[Opening RECORD EXCERPTS section]

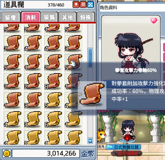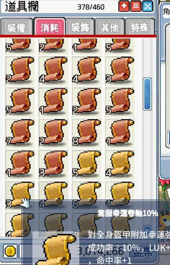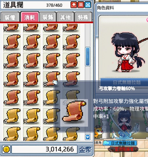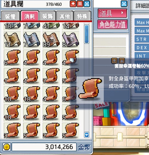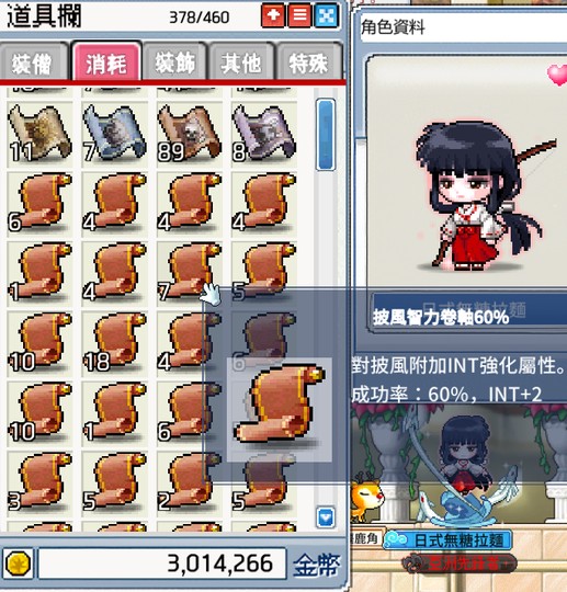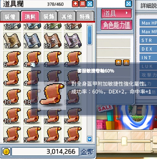 包內有雪花*556+許多有價卷軸和裝備,帳號內還剩300世界幣
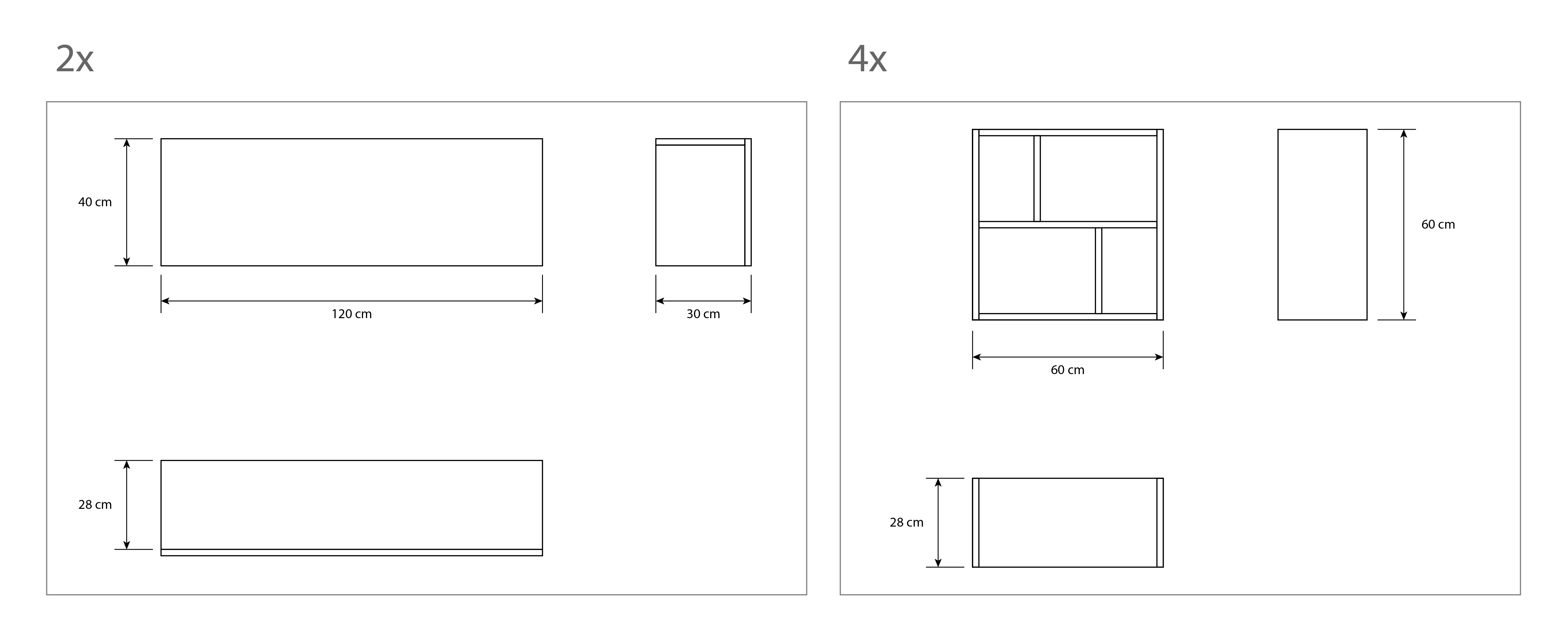 Ensemble composé de deux meubles à portes pliantes et de trois meubles décoratifs. Une infinité de combinaisons possibles avec tous les modules ou compositions de la collection CREA. Meubles en panneaux de particules laminés. Grande capacité de stockage à l'intérieur. Prêt à être accroché au mur avec la possibilité d'ajouter des pieds ou des roues. Il est livré démonté, facile à monter. Fabriqué en Espagne.
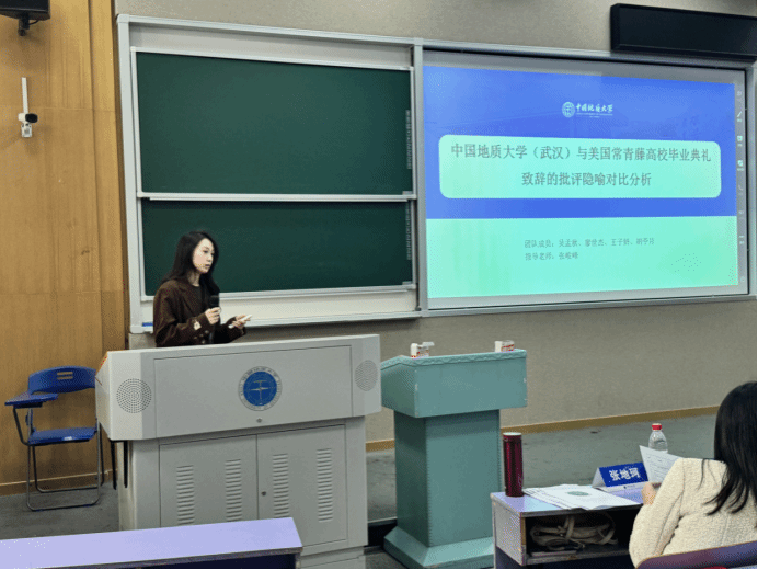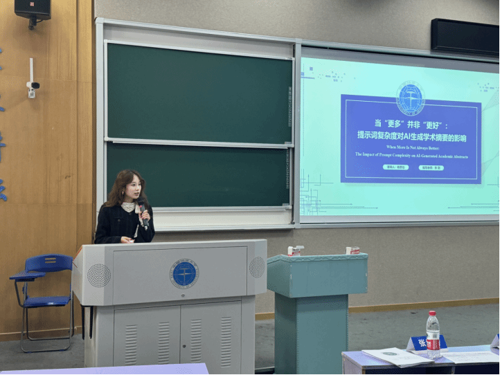 报告会正式开始,12组汇报人依次登台,论文选题与时俱进,紧跟国家发展方向,涵盖翻译传播、跨文化交际以及AI大语言模型等多个研究领域。
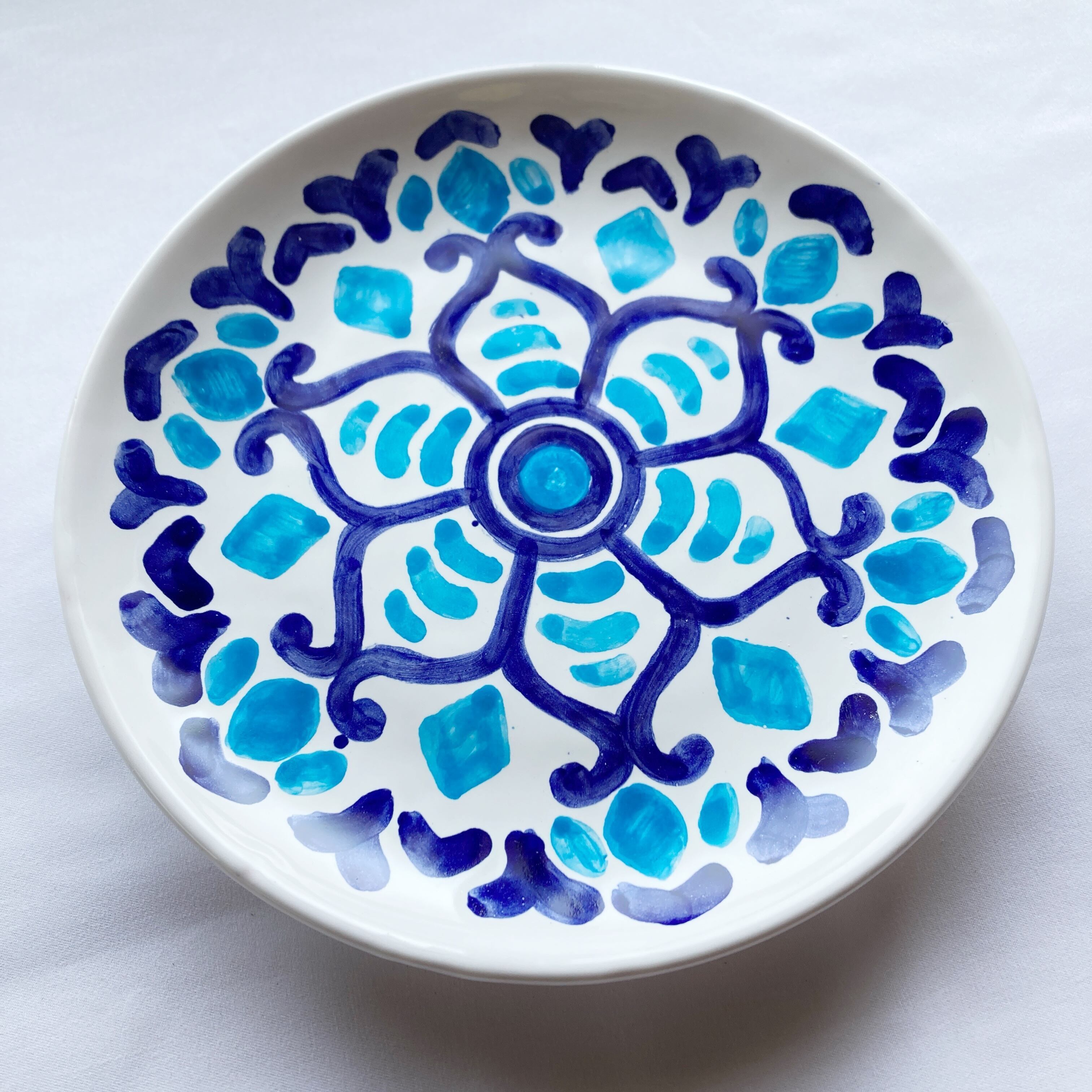 素焼きに不透明の白い釉薬を掛け、その上から手描きで絵付けし約1000度で燃焼します。
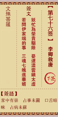 文殊菩薩靈簽76簽 下簽
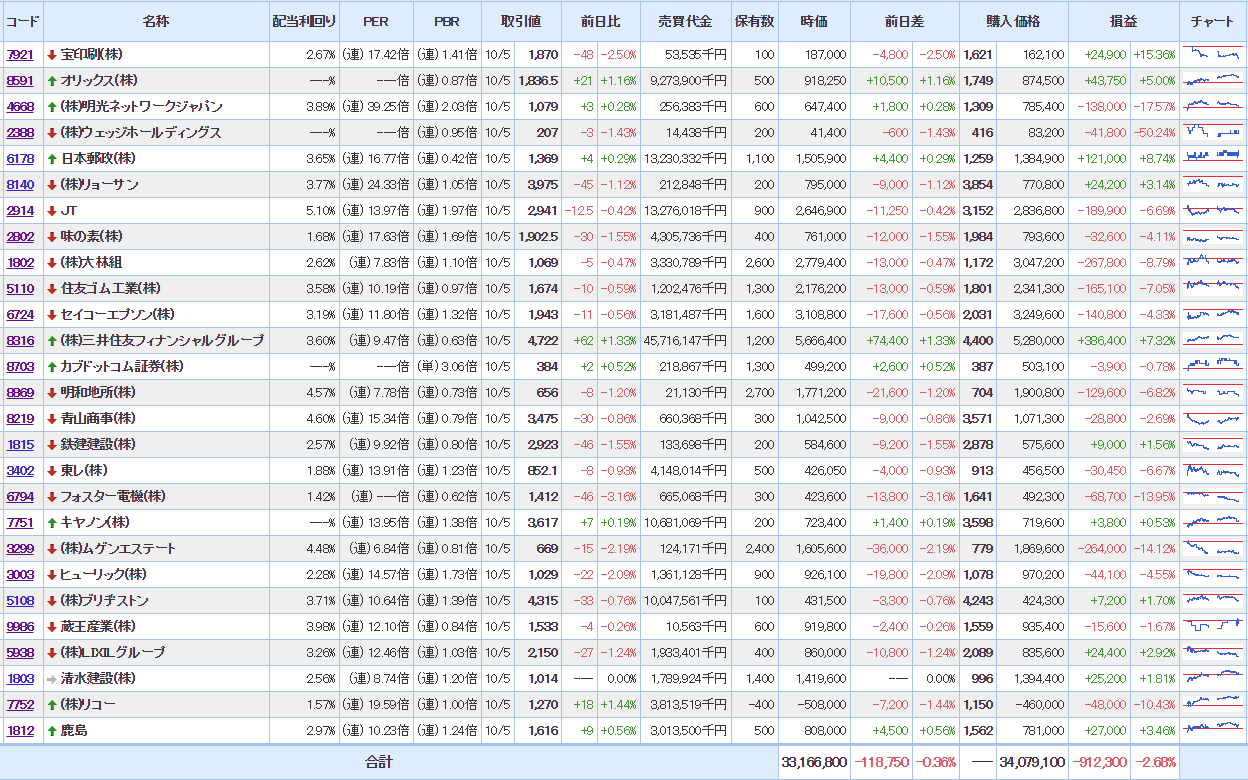 10/01-10/05:△ 799,820→△ 912,300 △112,480(実現益+55,637)×

[Closing RECORD EXCERPTS section]

**EXERCISE OBJECTIVE:**
If a record contains a picture, leave the picture out; repeat the record itself exactly.

**RESPONSE FOR THIS EXERCISE:**
 包內有雪花*556+許多有價卷軸和裝備,帳號內還剩300世界幣
 Ensemble composé de deux meubles à portes pliantes et de trois meubles décoratifs. Une infinité de combinaisons possibles avec tous les modules ou compositions de la collection CREA. Meubles en panneaux de particules laminés. Grande capacité de stockage à l'intérieur. Prêt à être accroché au mur avec la possibilité d'ajouter des pieds ou des roues. Il est livré démonté, facile à monter. Fabriqué en Espagne.
 报告会正式开始,12组汇报人依次登台,论文选题与时俱进,紧跟国家发展方向,涵盖翻译传播、跨文化交际以及AI大语言模型等多个研究领域。
 素焼きに不透明の白い釉薬を掛け、その上から手描きで絵付けし約1000度で燃焼します。
 文殊菩薩靈簽76簽 下簽
 10/01-10/05:△ 799,820→△ 912,300 △112,480(実現益+55,637)×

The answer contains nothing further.